Instructions for the task: Leave the pictures aside and copy all the data exactly.

Data excerpts:
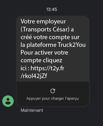 4. Votre conducteur va alors recevoir un SMS l'invitant à valider son compte :
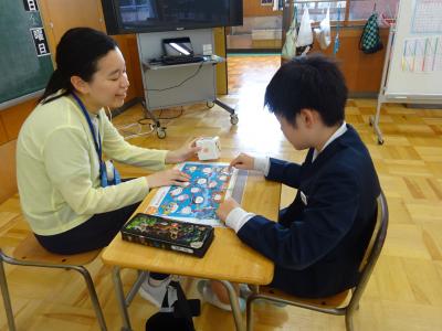 【1年生】自己紹介カードを書いて、校内の先生方と名刺交換しました。好きなものも上手に伝えることができました。
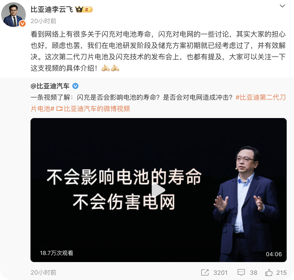 最近刷到好多人讨论比亚迪闪充会不会伤电池,闪充桩会不会对国家电网不友好,今天咱们就来分析一波。 第一个疑问:比亚迪闪充会伤电池、影响寿命吗?这个真不会,比亚迪有兜底怕什么,比亚迪第二代刀片电池直接做到了闪充和长寿命兼得。它有两个小妙招,既能让锂离子跑得飞快,又能通过智能热管理系统,把闪充产生的热量快速散出去,几乎不影响电池寿命,比第一代刀片电池还耐用。而且比亚迪起家就是做电池的,底气超足,现在还加码了质保,电池容量低于77.5%就免费换,电芯终身保修,要是真伤电池,哪敢这么承诺?电池安全性也拉满,完全不用操心。 第二个疑问:闪充桩会给国家电网添负担、不友好吗?更不会!每个闪充桩都配了超级快放的储能系统,存电的时候像个电能蓄水池,放电的时候又能稳定输出,既不会给电网造成压力,还不用额外投入大量资源改造电网。哪怕多车同时充电,每把枪都能保持稳定功率,再也不会出现车一多充电就变慢的情况,既对国家电网友好,还能让大家都享受到极致的充电速度。 简单说,比亚迪硬核闪充技术树立行业新标杆,放心用就完事儿!
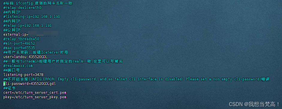 - #不开启会报CONFIG ERROR: Empty cli-password, and so telnet cli interface is disabled! Please set a non empty cli-password!错误
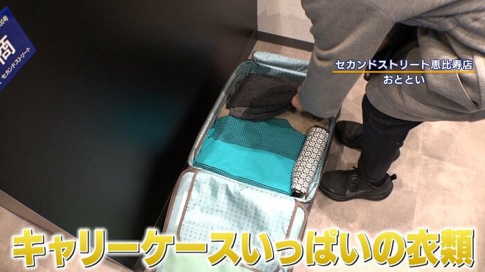 70代の女性が持ち込んだキャリーケースいっぱいの衣類。何年も前に夫のために買ったものの、中には一度も着ていない服もあるといいます。
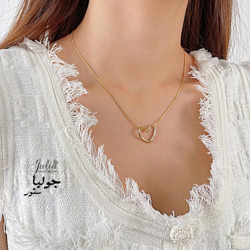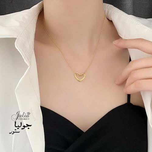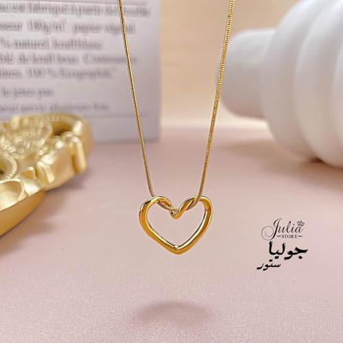 Julia Store - Julia Store 18k Gold Plated 316L Stainless Steel Trendy Luxury Simple Cute Delicate Open Hollow Heart Necklace Jewelry for Women
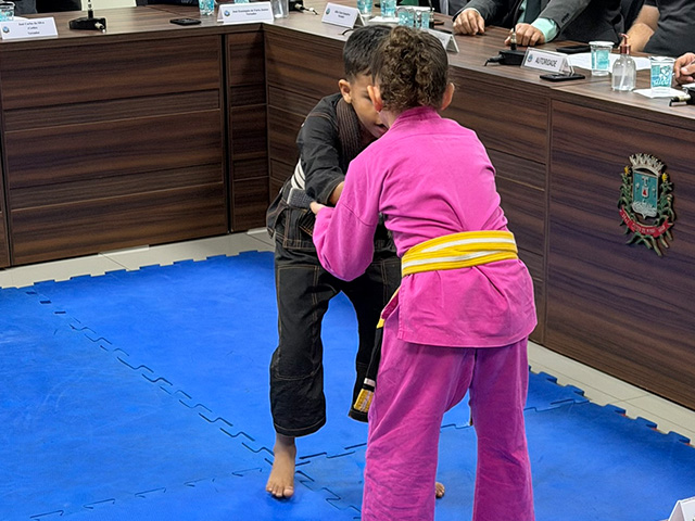 Após sua fala, alunos do projeto realizaram uma demonstração técnica de jiu-jitsu no plenário, evidenciando os resultados disciplinares da modalidade. A cerimônia também contou com uma apresentação de capoeira liderada por Mestre Charlim, celebrando a cultura e o esporte integrados.
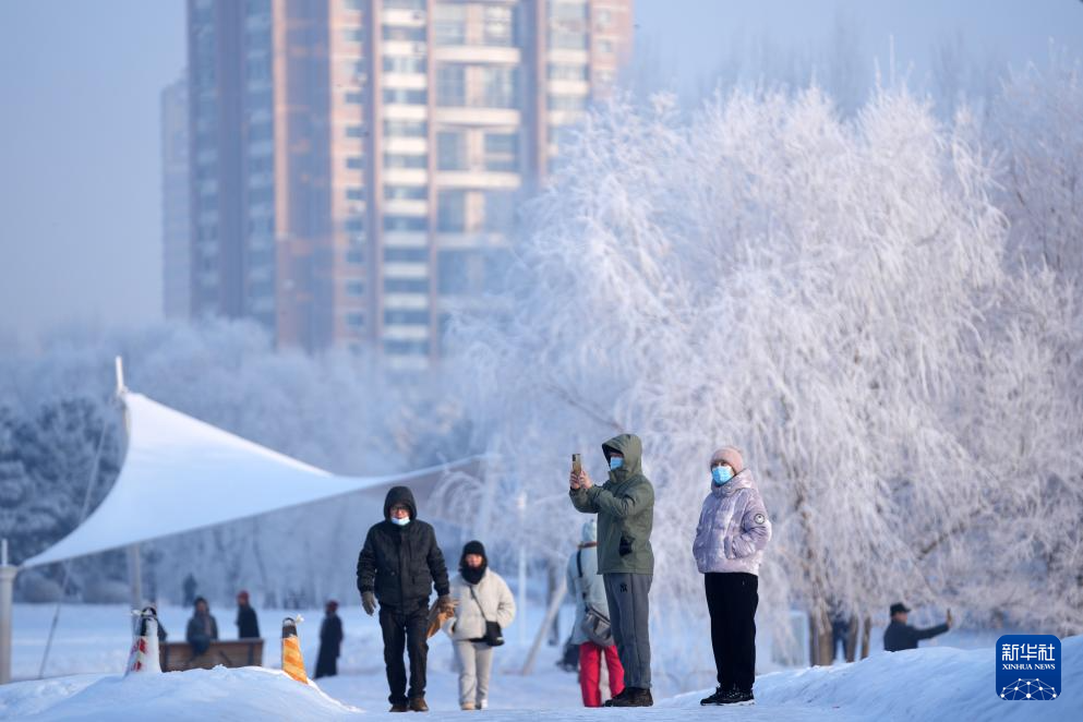 1月3日,市民在哈尔滨市湘江公园欣赏、拍摄雾凇景观。
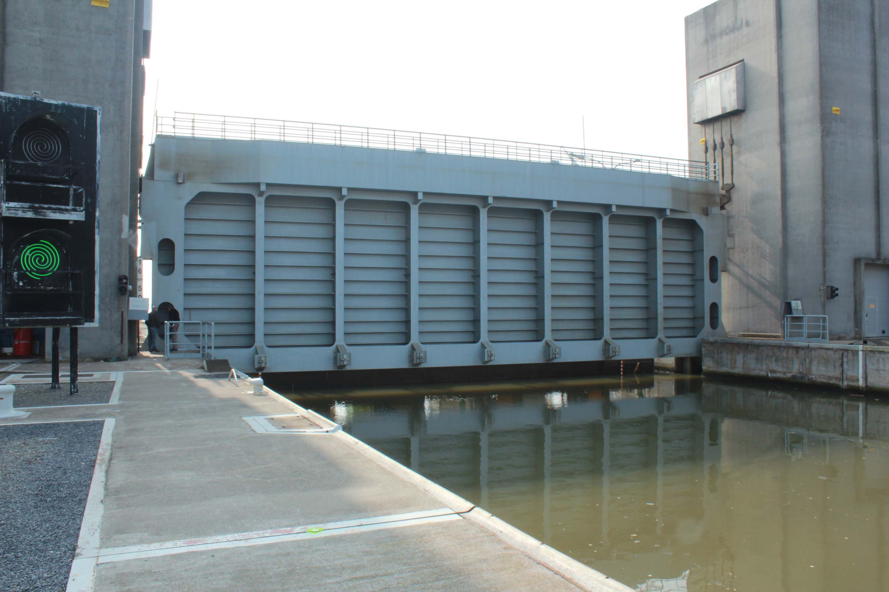 De deur zelf is opgebouwd uit een verstijfde huidplaat die zijn belasting afdraagt naar zware verticale verstijvers.

Task result:
 4. Votre conducteur va alors recevoir un SMS l'invitant à valider son compte :
 【1年生】自己紹介カードを書いて、校内の先生方と名刺交換しました。好きなものも上手に伝えることができました。
 最近刷到好多人讨论比亚迪闪充会不会伤电池,闪充桩会不会对国家电网不友好,今天咱们就来分析一波。 第一个疑问:比亚迪闪充会伤电池、影响寿命吗?这个真不会,比亚迪有兜底怕什么,比亚迪第二代刀片电池直接做到了闪充和长寿命兼得。它有两个小妙招,既能让锂离子跑得飞快,又能通过智能热管理系统,把闪充产生的热量快速散出去,几乎不影响电池寿命,比第一代刀片电池还耐用。而且比亚迪起家就是做电池的,底气超足,现在还加码了质保,电池容量低于77.5%就免费换,电芯终身保修,要是真伤电池,哪敢这么承诺?电池安全性也拉满,完全不用操心。 第二个疑问:闪充桩会给国家电网添负担、不友好吗?更不会!每个闪充桩都配了超级快放的储能系统,存电的时候像个电能蓄水池,放电的时候又能稳定输出,既不会给电网造成压力,还不用额外投入大量资源改造电网。哪怕多车同时充电,每把枪都能保持稳定功率,再也不会出现车一多充电就变慢的情况,既对国家电网友好,还能让大家都享受到极致的充电速度。 简单说,比亚迪硬核闪充技术树立行业新标杆,放心用就完事儿!
 - #不开启会报CONFIG ERROR: Empty cli-password, and so telnet cli interface is disabled! Please set a non empty cli-password!错误
 70代の女性が持ち込んだキャリーケースいっぱいの衣類。何年も前に夫のために買ったものの、中には一度も着ていない服もあるといいます。
 Julia Store - Julia Store 18k Gold Plated 316L Stainless Steel Trendy Luxury Simple Cute Delicate Open Hollow Heart Necklace Jewelry for Women
 Após sua fala, alunos do projeto realizaram uma demonstração técnica de jiu-jitsu no plenário, evidenciando os resultados disciplinares da modalidade. A cerimônia também contou com uma apresentação de capoeira liderada por Mestre Charlim, celebrando a cultura e o esporte integrados.
 1月3日,市民在哈尔滨市湘江公园欣赏、拍摄雾凇景观。
 De deur zelf is opgebouwd uit een verstijfde huidplaat die zijn belasting afdraagt naar zware verticale verstijvers.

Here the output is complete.